It provides the first comprehensive comparison of SLSN host galaxies with those of CCSNe and LGRBs, highlighting their distinct faintness and compactness across UV and nIR wavelengths.

Findings

SLSN hosts are fainter and more compact than CCSNe and LGRBs.

SLSN hosts have lower stellar mass and star formation rates.

Type-II SLSN hosts show a broad luminosity range, challenging simple metallicity-based models.

Abstract

We present Hubble Space Telescope (HST) WFC3 UV and near-IR (nIR) imaging of 21 Superluminous Supernovae (SLSNe) host galaxies, providing a sensitive probe of star formation and stellar mass with the hosts. Comparing the photometric and morphological properties of these host galaxies with those of core collapse supernovae (CCSNe) and long-duration gamma-ray bursts (LGRBs), we find SLSN hosts are fainter and more compact at both UV and nIR wavelengths, in some cases we barely recover hosts with absolute magnitude around MV ~ -14. With the addition of ground based optical observations and archival results, we produce spectral energy distribution (SED) fits to these hosts, and show that SLSN hosts possess lower stellar mass and star formation rates.

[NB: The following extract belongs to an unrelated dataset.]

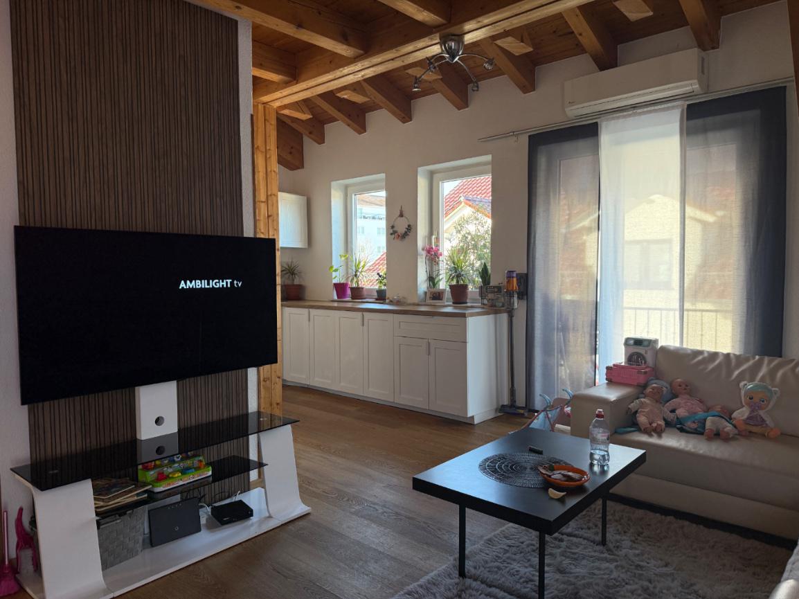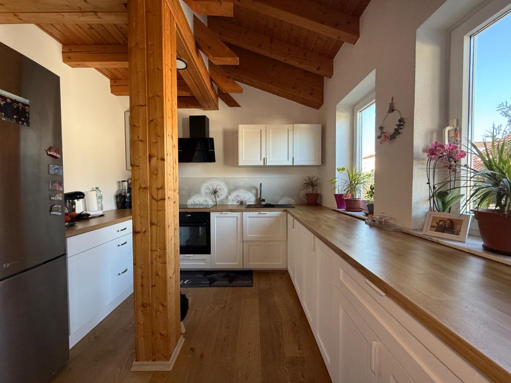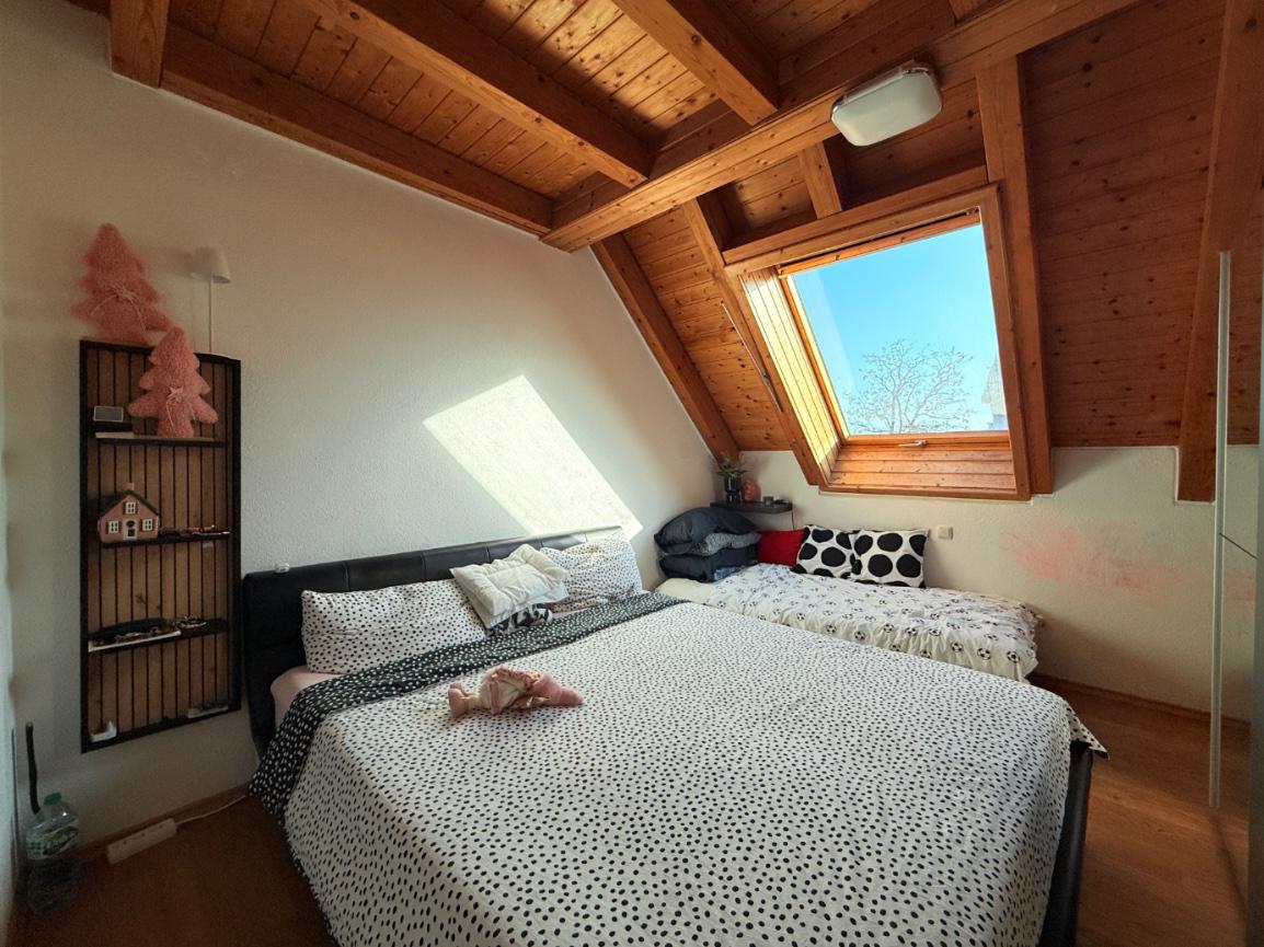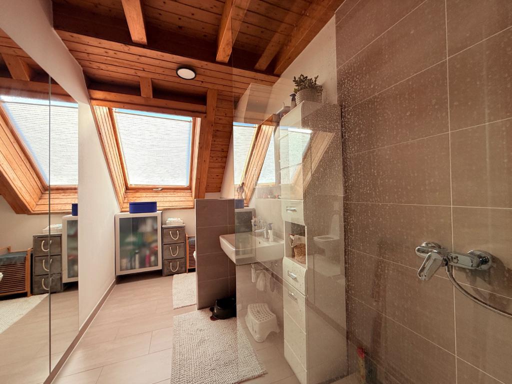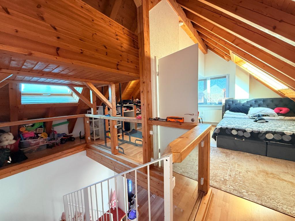 Dieses Moderne und gut geschnittene Wohnobjekt erstreckt sich über ein großzügiges Obergeschoss sowie ein voll ausgebautes Dachgeschoss und bietet damit viel Platz für individuelles Wohnen. Die beiden Ebenen sind optimal aufgeteilt und schaffen eine angenehme Wohnatmosphäre mit lichtdurchfluteten Räumen und einem durchdachten Grundriss. Das Obergeschoss verfügt über ein helles Wohnzimmer, eine funktionale Küche, ein geräumiges Schlafzimmer sowie ein modernes Badezimmer. Die großen Fenster ermöglichen einen weiten Blick ins Grüne und sorgen den ganzen Tag über für viel Tageslicht. Über eine interne Treppe gelangt man in das Dachgeschoss, das als zusätzlicher Wohn- oder Arbeitsbereich genutzt werden kann. Die offene Gestaltung und die Dachschrägen verleihen diesem Bereich einen besonderen Charme. Ideal als Home-Office, Gästezimmer oder Jugendzimmer. Die Immobilie verbindet Komfort, Funktionalität und Wohnqualität und eignet sich perfekt für Paare, Famil

This is most pronounced for the hydrogen deficient Type-I SLSN hosts, although Type-II H-rich SLSN host galaxies remain distinct from the bulk of CCSNe, spanning a remarkably broad range of absolute magnitudes, with ~30% of SLSNe-II arising from galaxies fainter than Mn I R ~ -14. The detection of our faintest SLSN hosts increases the confidence that SLSNe-I hosts are distinct from those of LGRBs in star formation rate and stellar mass, and suggests that apparent similarities in metallicity may be due to the limited fraction of hosts for which emission line metallicity measurements are feasible. The broad range of luminosities of SLSN-II hosts is difficult to describe by metallicity cuts, and does not match the expectations of any reasonable UV-weighted luminosity function, suggesting additional environmental constraints are likely necessary to yield hydrogen rich SLSNe.